TRAPDROID is the implementation of the Bare-metal Android Malware Behavior Analysis Framework research. It runs unknown #android apps on real phones, watches what they do at the kernel level, and decides whether they are malicious.

The core idea is simple. Modern #malware can tell when it is running inside an emulator or under a debugger, so it stays quiet and looks harmless. Running the sample on bare-metal hardware removes that hiding place. The framework then collects low level signals, turns them into a clean behavior profile, and feeds that to a classifier. The whole pipeline is built around #machine-learning from real runtime behavior rather than static guesswork.

The problem

Static analysis reads the app without running it. It is fast but easy to fool with obfuscation, encryption, and code that gets downloaded at runtime. Dynamic analysis runs the app and watches its behavior, which is harder to fake, but most dynamic tools run inside emulators or rely on strace. Both are detectable. A sample that sees ptrace attached to it can just refuse to misbehave.

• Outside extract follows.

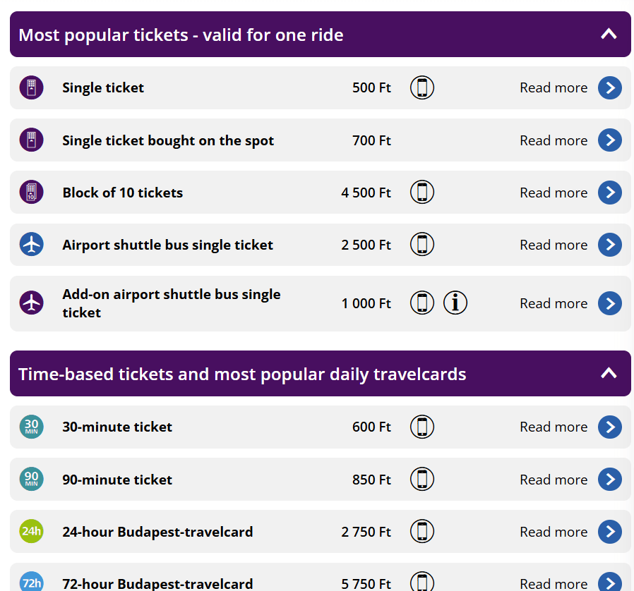 ・Single ticket(一回券):500Ft(約234円)

TRAPDROID avoids these tells. It uses a kernel module instead of ptrace, and it runs on a physical device instead of an emulator. In a small test with evasive samples from the Ztorg, OBAD, and Hehe families, four of five quit immediately inside the emulator. All five ran fully on the real device.

How it works

The system splits into two parts. A kernel driver on the phone intercepts activity and ships it out, and a server turns that raw stream into a behavior profile and runs the detection model.

Loading diagram...

The driver

The driver is a loadable kernel module, an #LKM. It hooks a small set of system calls using kretprobes, so it never touches the system call table and never uses ptrace. It watches one app at a time by checking the UID that Android assigns to each install.

It collects four kinds of signal:

•
System calls. A compact set of 15, grouped by intent: file (open, close, rename, unlink, mkdir, access, getdents), process (fork, execve, clone, ptrace), network (socket, connect), and privilege (chown, chmod).
•
Binder traffic. It filters ioctl calls on the binder driver to catch every IPC message, which is how Android apps talk to system services.
•
PMU events. Hardware performance counters like cache access, branch misprediction, and instruction counts, read straight from the perf subsystem.
•
Process stats. Accounting fields from task_struct such as min_flt, stime, utime, read_char, and write_bytes.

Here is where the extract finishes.